Philippe Crevel : L’Impôt sur la Fortune Immobilière (IFI) devrait, selon les premiers éléments communiqués par le Ministère des Finances, rapporter un peu plus d’un milliard d’euros quand le Gouvernement n’escomptait initialement que 850 millions d’euros. Ce surcroît de recettes s’explique évidemment par la bonne tenue du marché immobilier avec des prix en forte progression, +4,2 % en 2017. A Bordeaux, les prix ont augmenté de 7,7 % et à Paris de plus de 6 %. D’autres facteurs contribuent à la bonne tenue de l’IFI. Le Ministère des Finances aurait mal apprécié lors de l’élaboration du projet de loi de finances pour 2018 le montant du patrimoine des ménages. Par ailleurs, les modifications des règles en matière des dettes déductibles jouent en faveur d’un meilleur rendement de l’IFI. En outre, le plafonnement à 75 % des revenus a un coût moindre du fait de la sortie du patrimoine financier. L’IFI devrait être acquitté par 120 000 personnes soit trois fois moins qu’au temps de l’ISF. Malgré tout, Bercy n’escomptait que 90 000 contribuables. En matière de collecte, l’écart sera donc de moins de 3 milliards d’euros. L’IFI concerne avant tout les propriétaires de biens immobiliers à Paris, sur la Côte d’Azur et dans les sites touristiques de premiers choix.

La suppression de l’ISF est trop récente pour juger du bienfondé du raisonnement du gouvernement qui espérait obtenir de la sorte une réorientation du patrimoine des ménages vers l’économie réelle. Même si l’investissement immobilier a légèrement reculé au cours du premier semestre 2018, cela n’est pas dû à un changement d’allocation des actifs de la part des Français mais à un manque de biens disponibles. La poursuite de l’augmentation des prix en est la traduction. Les épargnants restent malgré plusieurs mesures dissuasives, attachés à la pierre et relativement méfiants vis-à-vis des placements boursiers. Par ailleurs, les ménages propriétaires de leur résidence principale, ne peuvent pas s’en défaire d’un coup de baguette magique afin d’échapper à l’IFI. Il n’est pas évident de passer de propriétaire à locataire surtout que marché locatif privé est assez restreint. De même, la mise en place de mécanismes pour éviter l’IFI de la part des grandes fortunes nécessitent du temps.

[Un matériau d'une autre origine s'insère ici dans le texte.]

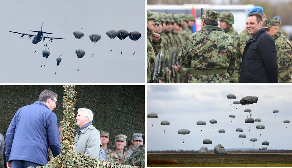 - Ponosan sam na srpske vojnike koji su pokazali da sa padobranima T11 iz aviona Herkules c130 mogu da skaču. To kažem, zato što mi nemamo padobrane sa kupolama i skačemo sa takozvanim krilo padobranima i ovde je mnogo veća brzina pri sletanju. Videli ste da su to tvrdi doskoci, ali naši momci pokazali su odličnu pripremljenost - rekao je predsednik nakon vežbe.
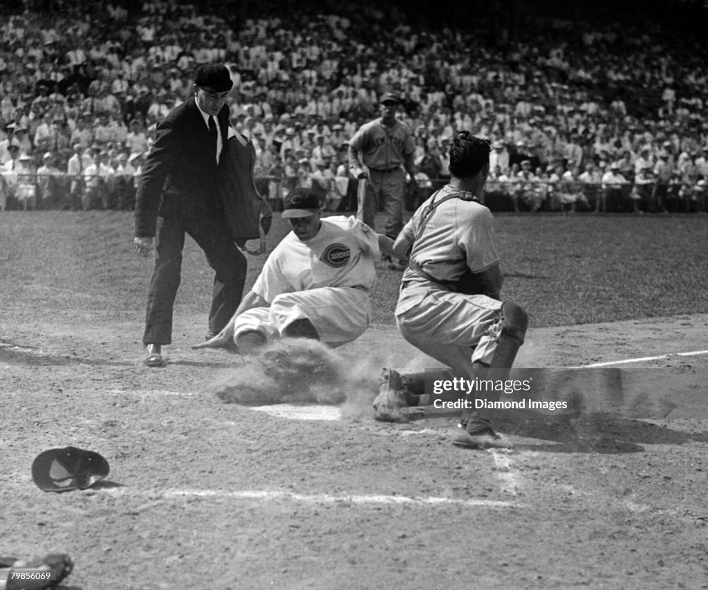 Harry Danning had three hits, including a triple and a tenth-inning single that gave the New York Giants a 5–4 win over the Cincinnati Reds.
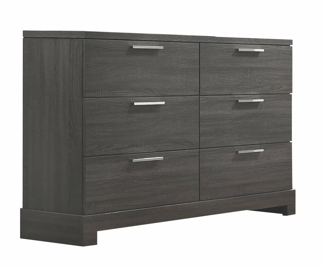 This modern gray bedroom dresser blends clean lines with subtle wood grain details, making it easy to style in both modern and transitional bedrooms. The metal hardware adds contrast, while the warm gray tones soften the overall look. It also pairs well with upholstered designs found in our upholstered bed collection for a balanced, layered bedroom aesthetic.
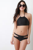This  bikini set  features halter style top with self-tie strings. Bikini bottom features side cut-outs and finished with lining. Accessories sold separately. Shell: 80% Nylon, 20% Spandex. Lining: 100% Polyester.
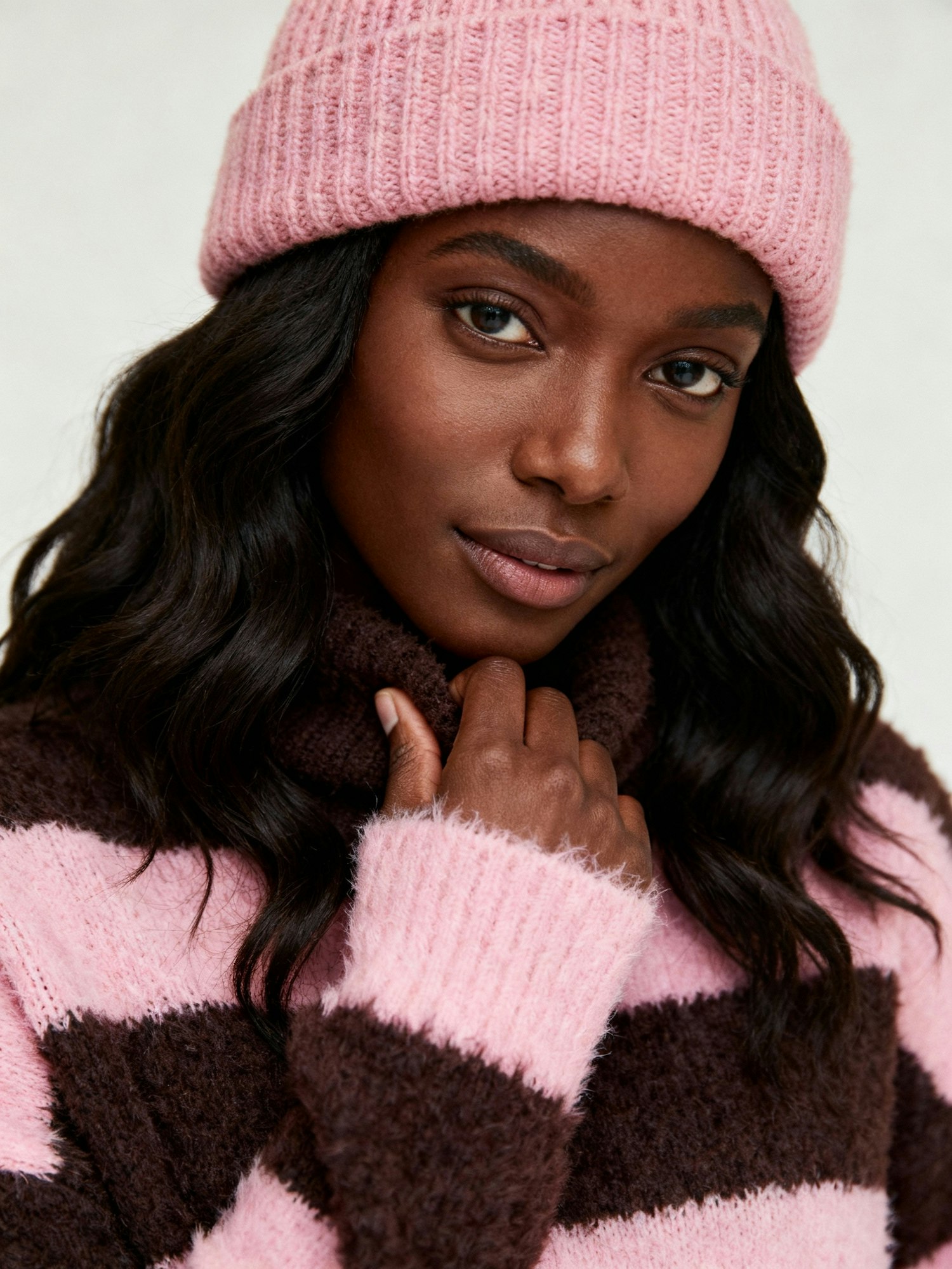 A person in a pink knit hat and striped sweater poses warmly, showcasing cozy winter fashion with a neutral background.
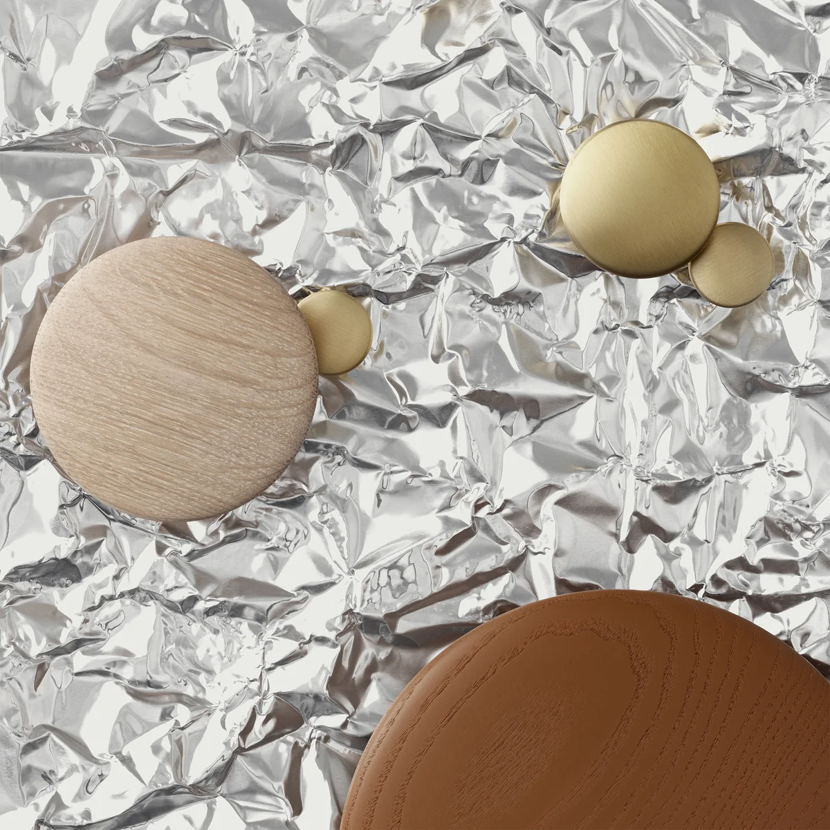 Im Gegensatz zu den ursprünglichen Dots aus Holz werden die Dots Metal aus Aluminium, Messing oder Edelstahl hergestellt. Die Erinnerung an einen Türknauf oder einen Schubladengriff ist der Formgebung der Dots geschuldet.
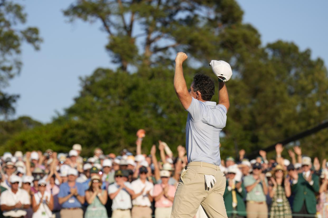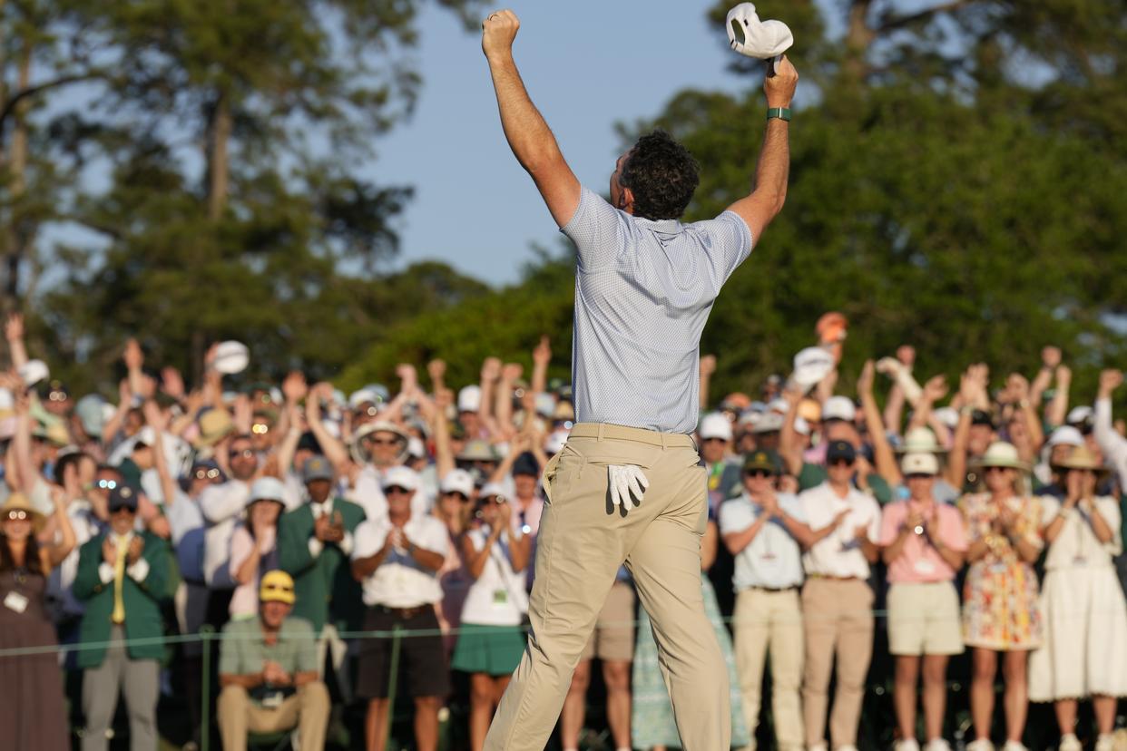 4月12日,北爱尔兰选手麦克罗伊在第四轮比赛后庆祝夺冠。新华社记者 吴晓凌 摄

Pensez-vous que la situation est susceptible d’évoluer ou au contraire est-ce que cela va perdurer ? 

Si les prix continuent d’augmenter, bien évidemment que les rentrées fiscales liées à l’IFI s’accroitront. A contrario, comme le soulignait le rapport sur le projet de loi de finances 2018 du sénat « il y a fort à parier qu'une fois que les grandes fortunes auront modifié la composition de leur patrimoine au détriment de l'immobilier, le rendement de l'IFI sera inférieur à celui escompté par le gouvernement ». Entre l’aversion aux risques des ménages, leur appétence pour la pierre et les incertitudes qui pèsent sur les marchés, je considère que l’IFI devrait se maintenir autour du milliard d’euros.

Enfin, quels pourraient être les nouveaux moyens d’action pour inciter les investisseurs à se détourner de la pierre ? 

Evidemment la première tentation serait d’accroitre la taxation. Le Gouvernement pourrait relever le barème de l’IFI, augmenter les droits de mutation, durcir le régime des plus-values, accroître les impôts fonciers, diminuer les avantages relatifs consentis à la pierre (amortissement, réductions d’impôt, etc.). L’autre possibilité qui serait bien plus positive serait de favoriser les placements financiers. Certes, le Gouvernement a mis en place le Prélèvement Forfaitaire Unique mais ce dernier peine à être compris par les ménages. Son taux de 30 % n’est pas jugé incitatif même s’il intègre les prélèvements sociaux. De toute façon, il faut du temps pour modifier les comportements. En outre une stabilisation de la législation fiscale est indispensable. Par ailleurs, si la pierre n’est plus une fin en soi, il faudrait que des investisseurs développent un parc privé de logements de qualité.